> [Work to be completed]: Only the lines below from the one containing "initiation à la tablette pour les élèves" through the one containing "MALTEMPO La neve lascia disagi e polemiche" belong in the answer, repeated exactly and without pictures.

> [Supplied information]:
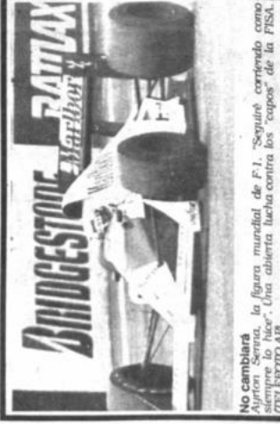
No cambiará Aunque Senna, la figura mundial de F.I., "Seguiré corriendo como siempre lo hice". Una abierta lucha contra los "capos" de la FISA.
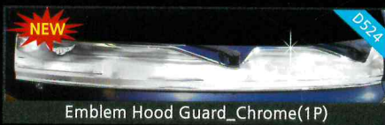
Emblem Hood Guard_Chrome(1P)
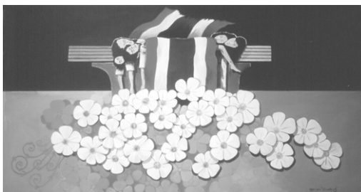
ภาพจากปก

โปสเตอร์การเมือง ผลงานของแนวร่วมศิลปินแห่งประเทศไทย, ศิลปิน : สถาพร ไชยเศรษฐ์
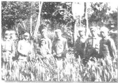
在整风运动中，调查研究蔚然成风。1942年1月至1943年3月，张闻天率调查团深入陕甘宁边区和山西兴县等地，进行调查研究。图为1942年9月16日张闻天同“延安农村工作调查团”成员在神府彩林村的合影。右4为张闻天、右6为张闻天的妻子刘英。
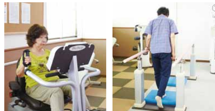
持久力/バイオステップ
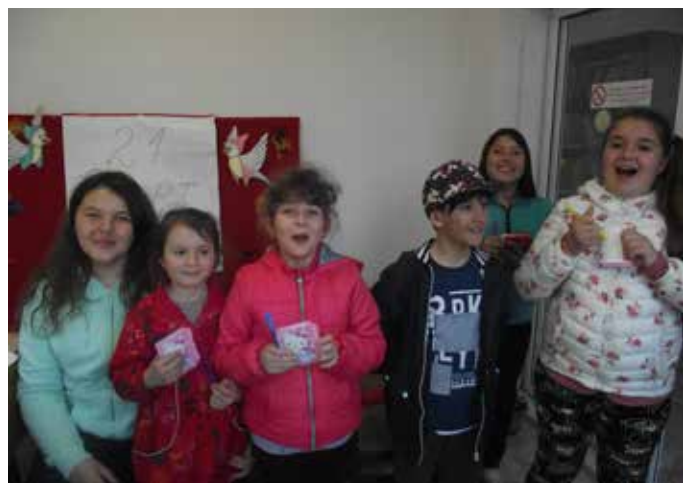
Бъдещите големи творци на перото

По повод Световния ден на поезията на 21 март в библиотеката при читалище „Слънце 1871“, с.Крапец се проведе конкурс за авторско стихотворение.
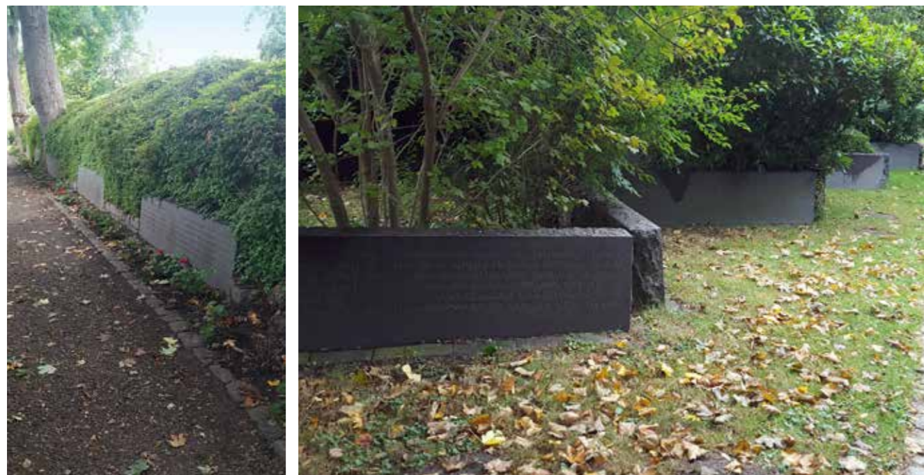
DSB's Mindelund rummer navnene på mere end 800 ansatte, der er omkommet i tjenesten.
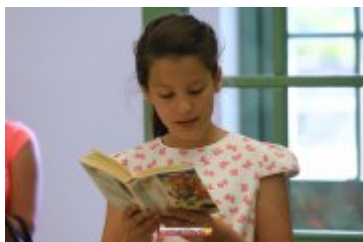
• 2016-06-12-VII edycja konkursu "Pięknego czytania"
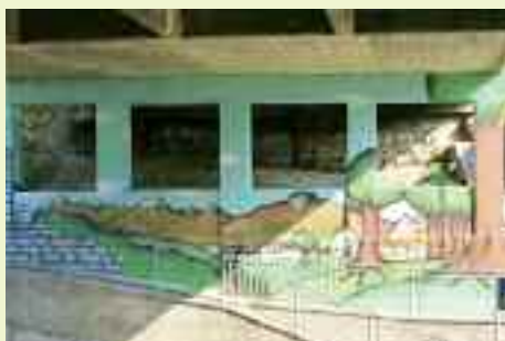
Due giovani danno prova delle loro competenze artistiche dando finalmente un po' di vita al triste sottopasso di San Donà
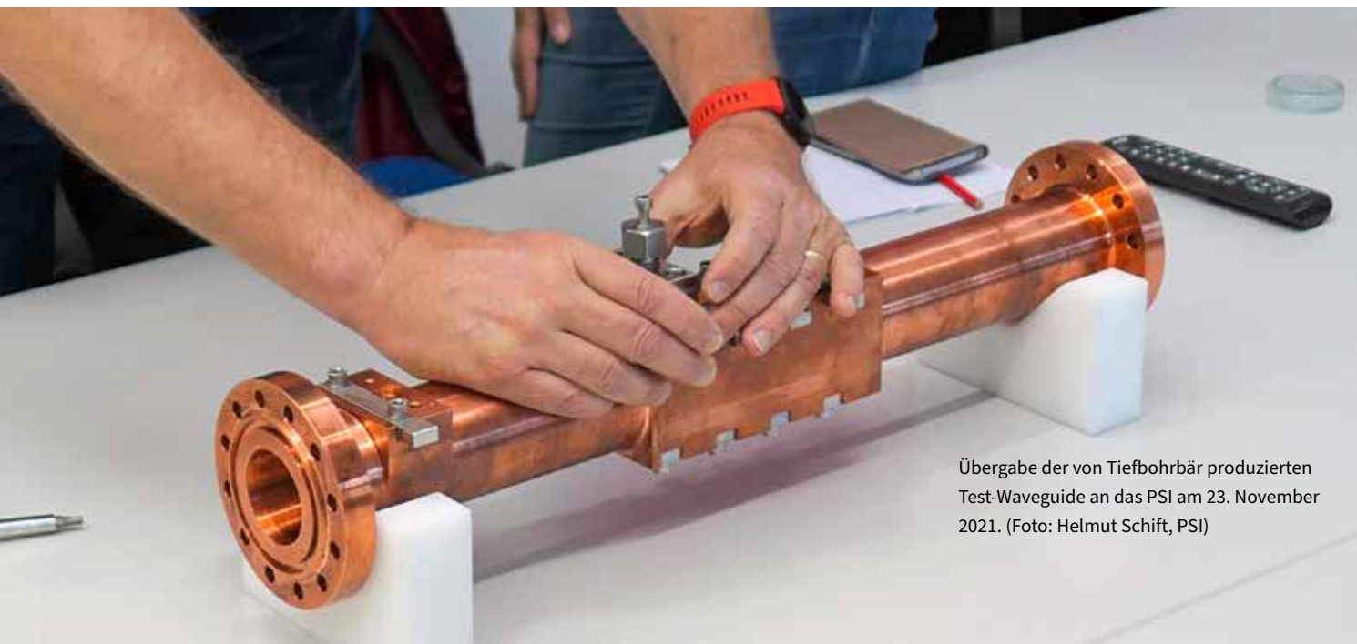
Übergabe der von Tiefbohrbär produzierten Test-Waveguide an das PSI am 23. November 2021.

haben wir bereits verschiedene Mockups hergestellt und damit den Nachweis erbracht, dass Tiefbohrbär solch hochpräzise Bauteile herstellen kann. Die Waveguides sind mit einer extrem feinen Rillierung in der Präzisionsbohrung veredelt (= Korrugation). Da diese Komponenten im Ultrahochvakuum-Bereich (UHV) eingesetzt werden, ist eine extreme Bauteilsauberkeit notwendig. Und genau hier liegt eine grosse Herausforderung: Denn es ist mit bisher bekannten Reinigungsmethoden nicht möglich, die feine Korrugation ausreichend zu reinigen. Wir haben das Hightech Zentrum Aargau kontaktiert und die Aufgabenstellung geschildert.
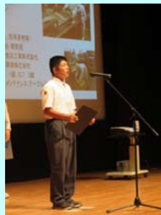
働こう宣言の様子
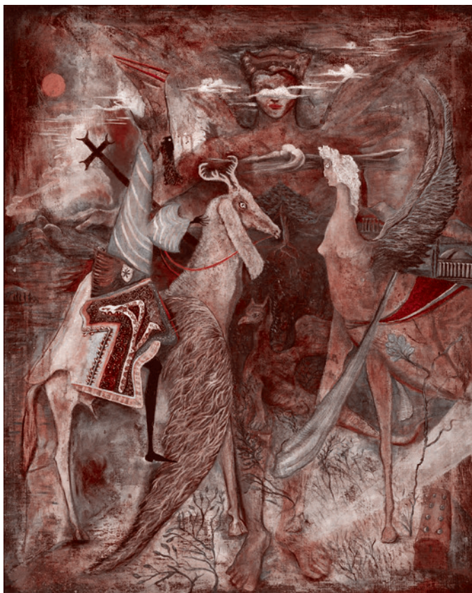
Леонора Каррингтон. Путешествие пресвитер Иоанна. 1953

кто, увидев это, быстро — так, чтобы земля над ним не сомкнулась, — прыгнет в ту реку, схватит что попало и сразу же вынесет, то камень оказывается драгоценным камнем, а песок — крупным жемчугом. Эта река течет в большую реку; люди той земли ходят на устье реки и собирают драгоценные камни и отборный жемчуг. А детей своих они кормят сырыми рыбами. В ту реку ныряют некоторые на три месяца, некоторые на четыре, — ищут камни драгоценные. В одном дне пути за той рекой есть высокие и мощные горы, на которые человеку нельзя смотреть. В этих горах по многим местам пылает огонь, и в том огне живут черви, а без огня они не могут жить, как рыбы без воды. И те черви точат из себя нити, как шелк, а из тех нитей наши жены делают нам одежду. И когда та одежда загрязнится, воду ее не моют: бросают в огонь; и как только раскалится, вновь становится чистой. Есть у меня в иной стране звезда именем Лувияяр.
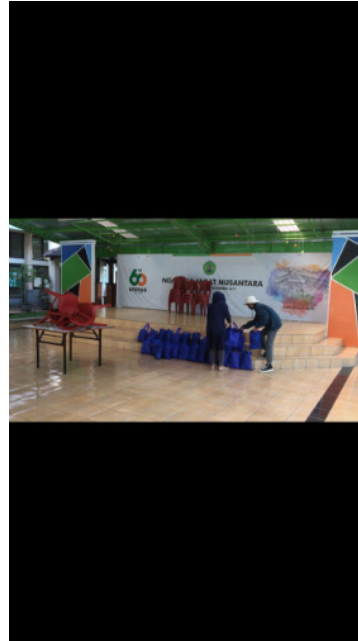
Inventarisasi Penerima layak donasi
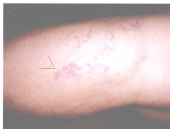
彩图 12 膝关节附近小腿外侧 蚯蚓状瘀络
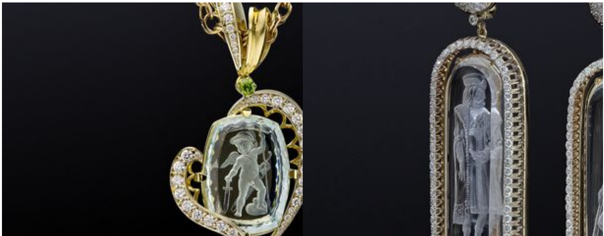
写真。インターリウム"アムール"を使ったサスペンション

凹版画の芸術は、石彫の中でも最も古い技法の一つです。イタリアの2つのタイプがあります - 逆と直接。彫りの技術の違いは些細なもので、逆凹版は透明な石の裏面の鏡面反射で行われ、直凹版は通常不透明または透明度の低い石の表面に彫られます。凹版の作成の技術は千年の間に変更されていません。技術革新の中で - 電気駆動、顕微鏡、唯一の製品の製造時間を短縮することができたダイヤモンドツール、。現在、それは1平方センチメートルの凹版を作成するために約1ヶ月かかります。
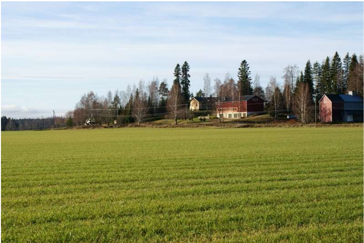
Kuva: Kaanaan mäki ja Harjulan talouskeskus kuvattuna luoteesta Järvenpäntieltä. Korkeat yksittäiset kuuset, tavallisesti siperianpihtoja, ovat olleet vanhoihin tilakeskuksiin liittyviä maamerkkejä jo 1800-luvun jälkipuoliskolta lähtien. Kaanaan mäen rinteelle on tullut myös perinteisestä rakennustavasta poikkeavaa asuntorakentamista.
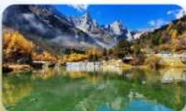
ปี้ผิงโกว
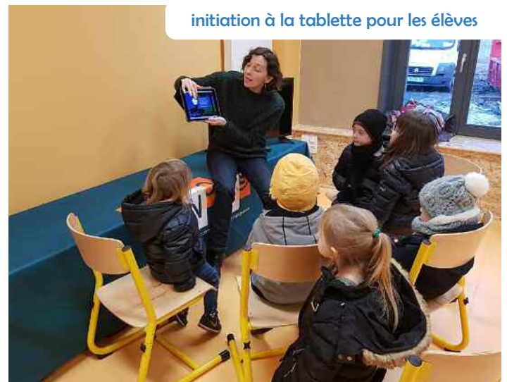
initiation à la tablette pour les élèves

A noter que, dans le cadre de l'édition 2019 des "Chantiers d'été", des fresques seront réalisées sur les murs intérieurs du bâtiment.
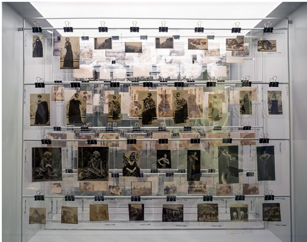
AMNAC. Vista de presentació del fons fotogràfic d'Anglada Camarasa a l'exposició Anglada Camarasa: l'arxiu premeditat, 2023. 2023
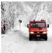
Borgetto e Giubilei A PAGINA 12

MALTEMPO La neve lascia disagi e polemiche
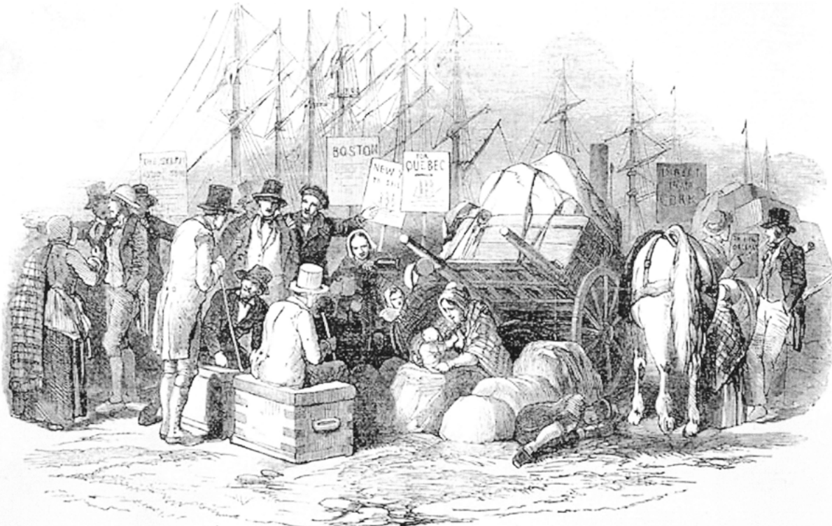
EMIGRANTS ARRIVAL AT QUAY.—A SCENE ON THE QUAY.

Des Irlandais quittent la Grande-Bretagne pour venir en Amérique. Gravure tirée de Illustrated London News . (Bibliothèque et Archives Canada, C-003904).
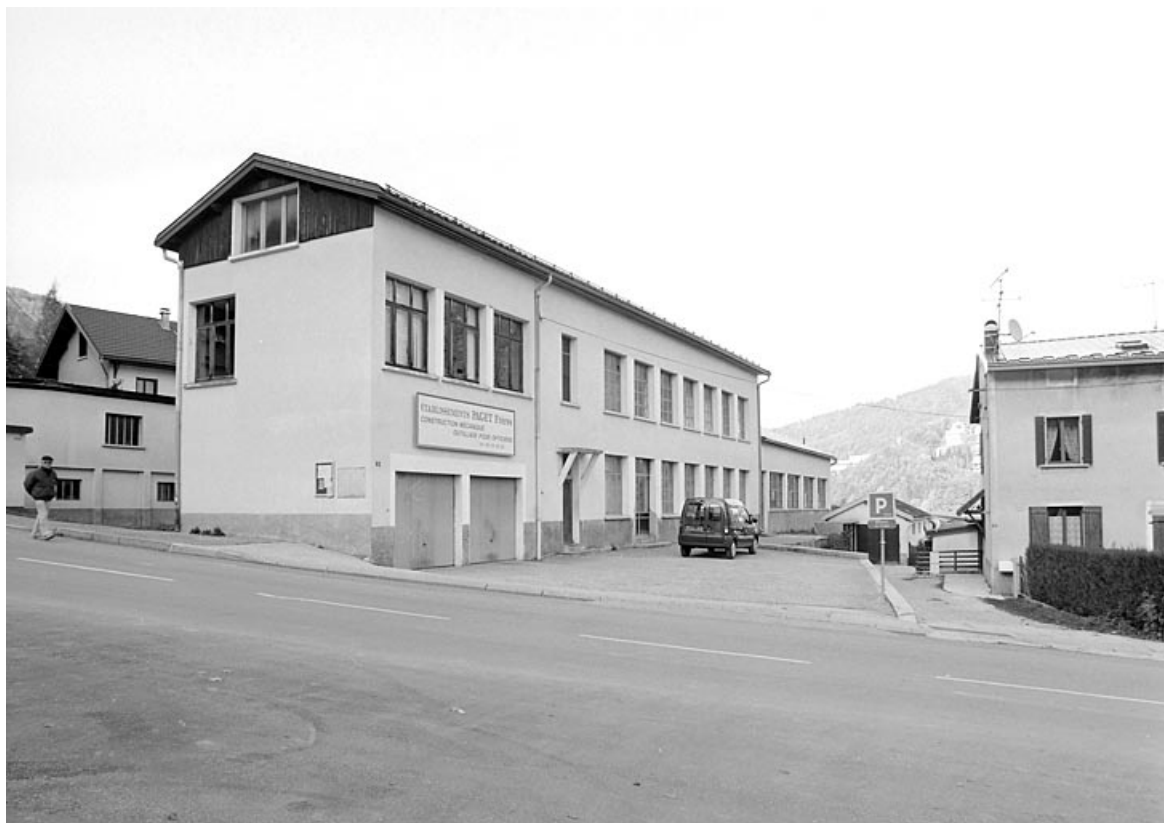
Vue d'ensemble depuis le sud : élévation antérieure.
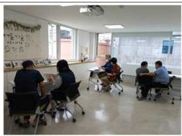
욕구조사를 통한 주민욕구 반영

> [Response to the exercise]:
initiation à la tablette pour les élèves

A noter que, dans le cadre de l'édition 2019 des "Chantiers d'été", des fresques seront réalisées sur les murs intérieurs du bâtiment.
AMNAC. Vista de presentació del fons fotogràfic d'Anglada Camarasa a l'exposició Anglada Camarasa: l'arxiu premeditat, 2023. 2023
Borgetto e Giubilei A PAGINA 12

MALTEMPO La neve lascia disagi e polemiche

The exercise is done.